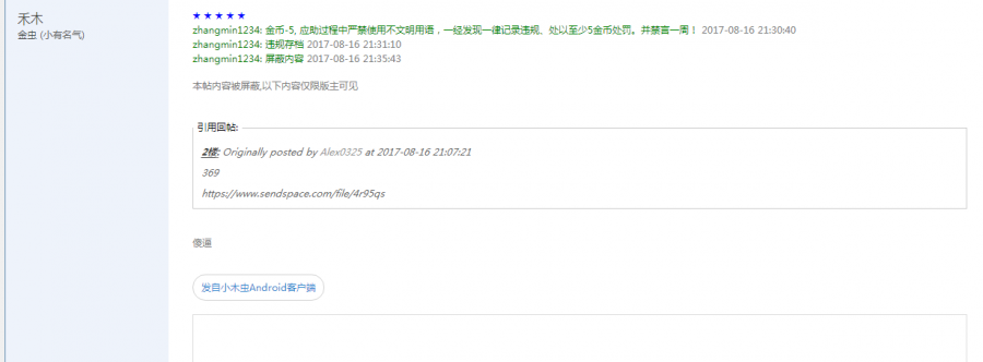 ID禾木 在文献求助版2017-8-16日回帖应助过程中采用不文明交流 证明: 根据版规https://muchong.com/t-6306288-1,文献求助版禁言一周处理! |
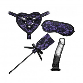 What's your guilty pleasure? Deze Guilty Pleasure geschenkset bestaat uit een hartvormig harnas, een dildo, een oogmasker en een paddle en is paars van kleur, afgewerkt met zwart kant.
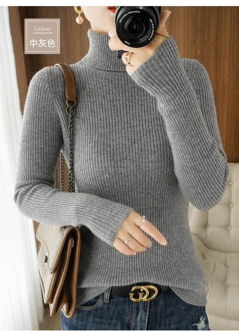 Nuevo Otoño e Invierno para Mujer Ajustado de Manga Larga Tejido Espesado Camiseta Básica con Abrigo Fabricante Venta al por Mayor
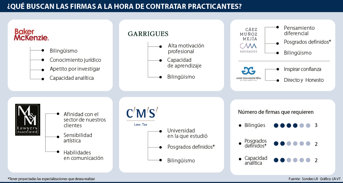 Para muchos de los bufetes a los que se les consultó es muy relevante en cuanto a herramientas técnicas, ser bilingües, especialmente saber inglés, tener claridad en los conceptos jurídicos y poder resolver los casos en las áreas en las que se especializa la firma.

* TASK DETAILS
Go through the material and set it down again exactly, but without any pictures.

* WORKED SOLUTION
 ID禾木 在文献求助版2017-8-16日回帖应助过程中采用不文明交流 证明: 根据版规https://muchong.com/t-6306288-1,文献求助版禁言一周处理! |
 What's your guilty pleasure? Deze Guilty Pleasure geschenkset bestaat uit een hartvormig harnas, een dildo, een oogmasker en een paddle en is paars van kleur, afgewerkt met zwart kant.
 Nuevo Otoño e Invierno para Mujer Ajustado de Manga Larga Tejido Espesado Camiseta Básica con Abrigo Fabricante Venta al por Mayor
 Para muchos de los bufetes a los que se les consultó es muy relevante en cuanto a herramientas técnicas, ser bilingües, especialmente saber inglés, tener claridad en los conceptos jurídicos y poder resolver los casos en las áreas en las que se especializa la firma.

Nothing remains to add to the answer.